Auch die hier gezeigten Grafiken und Fotografien zeugen davon. Sie sind Teil von 48 Exponaten, die im Rahmen einer Ausstellung unter dem Titel „Belarus.Protest.Kultur. Peremen – visuelle Protestkultur in Belarus“ ab dem 11. Juni in Dresden zu sehen sind. Die Fotos, die vorwiegend zwischen August und Oktober 2020 aufgenommen wurden, sind Arbeiten von fünf Fotograf*innen. Die Grafiken stammen von der Plattform cultprotest.me, wo zahlreiche Künst­le­r*in­nen ihre Werke präsentieren.

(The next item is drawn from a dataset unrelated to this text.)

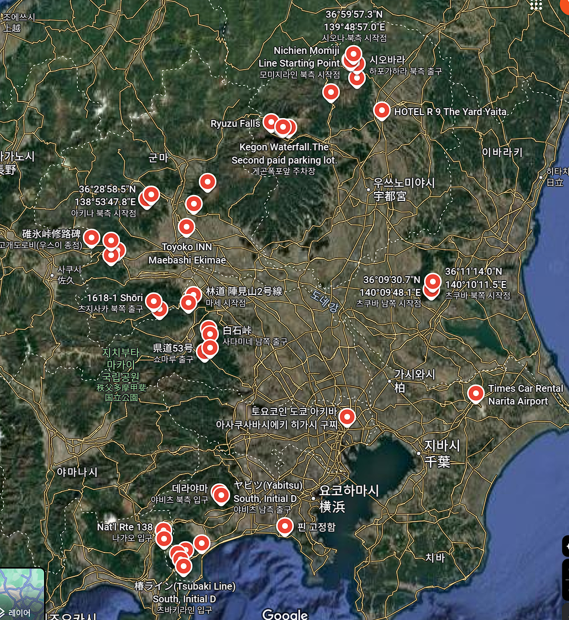 다음 일정은 도치기현 소재의 고갯길들을 돌고 군마현으로 이동하는 일정입니다.

Veranstalter ist der Dresdner Verein Kultur Aktiv, der sich vor allem mit Kunst und Kultur in den Ländern des postsowjetischen Raums beschäftigt. Geschäftsführer Simon Wolf, der die Ausstellung auch kuratiert hat, möchte damit Belarus wieder in den Blick holen und mit Interessierten ins Gespräch kommen. Die Chancen dafür stehen gut.

Galerie nEUROPA, Dresden-Neustadt, Bautzner Str. 49. Die Ausstellung, die noch bis zum 1. Juli 2021 zu sehen ist, kann auch digital unter www.kulturaktiv.org abgerufen werden.